Потомъ, нахмуривъ брови, прибавилъ:

— Что же касается до тюльпана, г. Бокстель, будьте спокойны. Я окажу вамъ должное правосудіе.

Бокстель поклонился. Сердце его радостно забилось, когда фан-Геризенъ подошелъ къ нему и поздравилъ его съ благополучнымъ окончаніемъ дѣла.

— А вы, моя милая, продолжалъ принцъ: — вы едва не совершили большаго проступка; но я васъ не буду за него наказывать. Настоящій виновный поплатится за двоихъ. Человѣкъ, который рѣшился красть…

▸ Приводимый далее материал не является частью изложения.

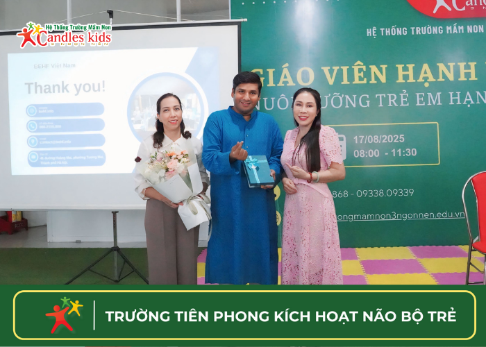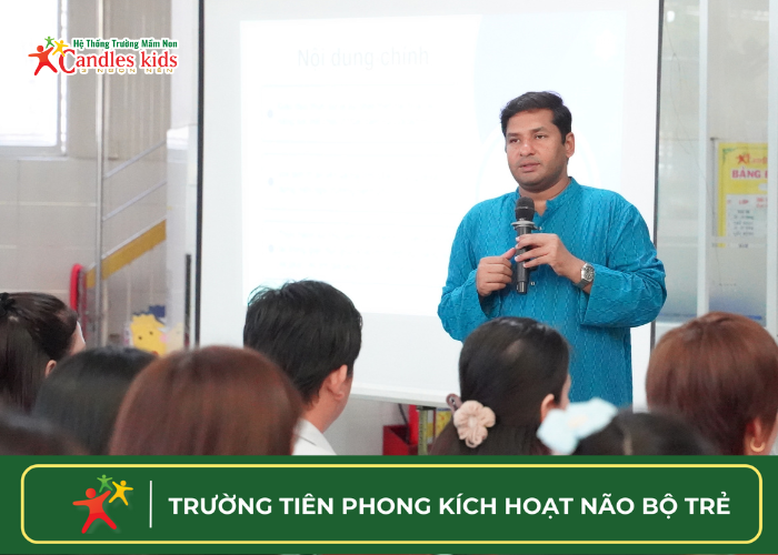 Đại diện Ban lãnh đạo Candles Kids gửi lời tri ân sâu sắc đến chuyên gia Pradeep Vijay vì đã truyền cảm hứng và tiếp thêm ngọn lửa yêu nghề cho tập thể sư phạm. Đồng thời, nhà trường cũng khẳng định sẽ tiếp tục triển khai nhiều hoạt động đào tạo, workshop chuyên sâu nhằm đồng hành cùng giáo viên trong cả chuyên môn lẫn chăm sóc tinh thần.

— Красть? вскричала Роза внѣ-себя: — онъ! Корнелій, красть!.. Ваша свѣтлость, если онъ узнаетъ объ этомъ словѣ — онъ умретъ. Это слово убьетъ его. Клянусь вамъ, что одинъ воръ въ этомъ дѣлѣ этотъ Бокстель!

— Докажите! холодно отвѣчалъ самъ Бокстель.

— Да, да! Вогь поможетъ мнѣ въ этомъ. Въ Немъ одномъ моя надежда; я докажу это! съ твердостью сказала Фрисланка. — Скажите, г. Бокстель, продолжала она, обратясь къ нему — тюльпанъ этотъ вашъ?

— Разумѣется

— Сколько было у васъ отростковъ?

Бокстель замялся, но тотчасъ понялъ, что она не сдѣлала бы этого вопроса, если бы ихъ было только два.

— Три! отвѣчалъ онъ.

— Чти съ ними сдѣлалось? спросила Роза.

— Какъ что? Первый не удался, а отъ второго выросъ этотъ тюльпанъ.

— А гдѣ же третій?

— Третій?

— Да, гдѣ онъ?

— У меня дома… отвѣчалъ Бокстель, смутясь.

— У васъ? гдѣ же у насъ? въ Лйвенштейнѣ или Дортрехтѣ?

— Въ Дортрехтѣ, сказалъ Бокстель.

— Это ложь! вскричала Роза. — Ваша свѣтлость! прибавила она, обратясь къ принцу. — Я вамъ разскажу истинную исторію этихъ отростковъ. Первый былъ растоптанъ отцомъ моимъ, и этотъ человѣкъ очень-хорошо знаетъ, потому-что намѣренъ былъ овладѣть еще первымъ. Когда же эта надежда не удалась, онъ едва не поссорился съ отцомъ моимъ за то, что тотъ лишилъ его отростка. Второй взростила я, по наставленіямъ Корнелія; а третій (Роза вынула его изъ-за корсета). — вотъ онъ! и въ той же самой бумагѣ, въ которой были и первые два, и которую фан Берле вручилъ мнѣ въ то мгновеніе, какъ его повели на эшафотъ, онъ мнѣ отдалъ всѣ три. Вотъ, ваша свѣтлость, возьмите.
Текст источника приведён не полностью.